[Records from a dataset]
[Start of section]

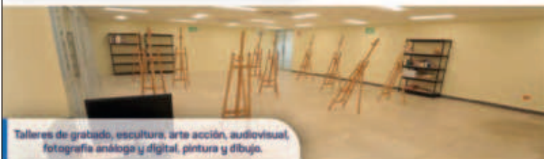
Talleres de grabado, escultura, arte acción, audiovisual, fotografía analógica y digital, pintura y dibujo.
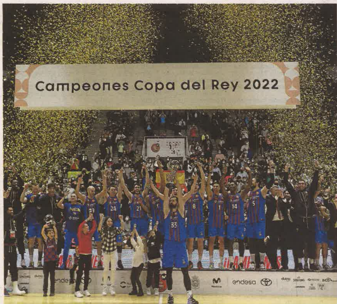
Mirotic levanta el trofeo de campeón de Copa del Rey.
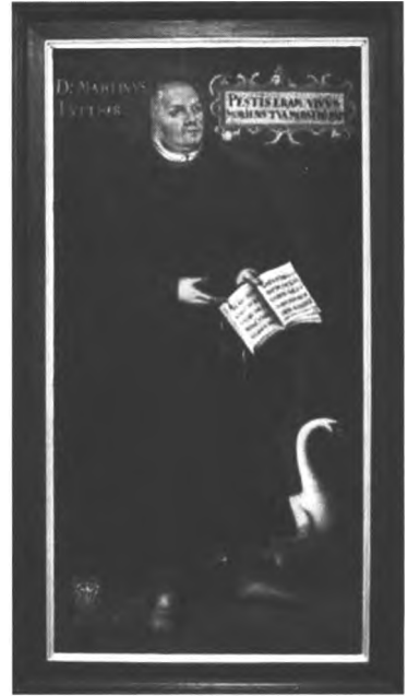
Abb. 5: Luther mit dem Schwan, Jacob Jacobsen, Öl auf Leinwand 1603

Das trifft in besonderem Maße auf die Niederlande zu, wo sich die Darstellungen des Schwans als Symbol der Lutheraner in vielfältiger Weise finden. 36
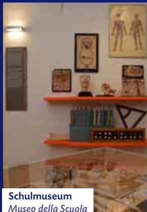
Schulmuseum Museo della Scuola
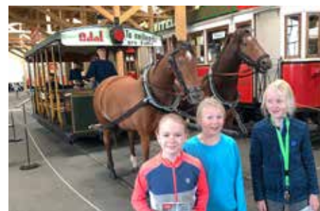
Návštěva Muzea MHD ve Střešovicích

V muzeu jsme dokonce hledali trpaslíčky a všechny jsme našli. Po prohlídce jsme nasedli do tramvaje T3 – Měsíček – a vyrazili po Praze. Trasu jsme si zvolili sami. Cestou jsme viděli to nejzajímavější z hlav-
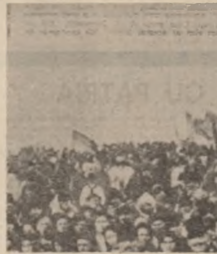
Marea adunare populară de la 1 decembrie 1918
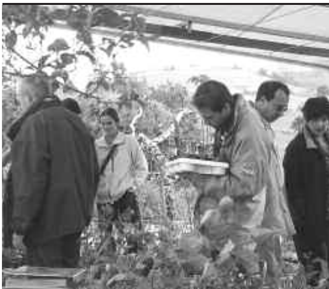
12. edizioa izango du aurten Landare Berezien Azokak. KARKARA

[End of section]

Work instruction. Repeat, without pictures, exactly the lines of the data above from the one containing "Schulmuseum Museo della Scuola" through the one containing "V muzeu jsme", including both and adding nothing.

Problem solution.
Schulmuseum Museo della Scuola
Návštěva Muzea MHD ve Střešovicích

V muzeu jsme dokonce hledali trpaslíčky a všechny jsme našli. Po prohlídce jsme nasedli do tramvaje T3 – Měsíček – a vyrazili po Praze. Trasu jsme si zvolili sami. Cestou jsme viděli to nejzajímavější z hlav-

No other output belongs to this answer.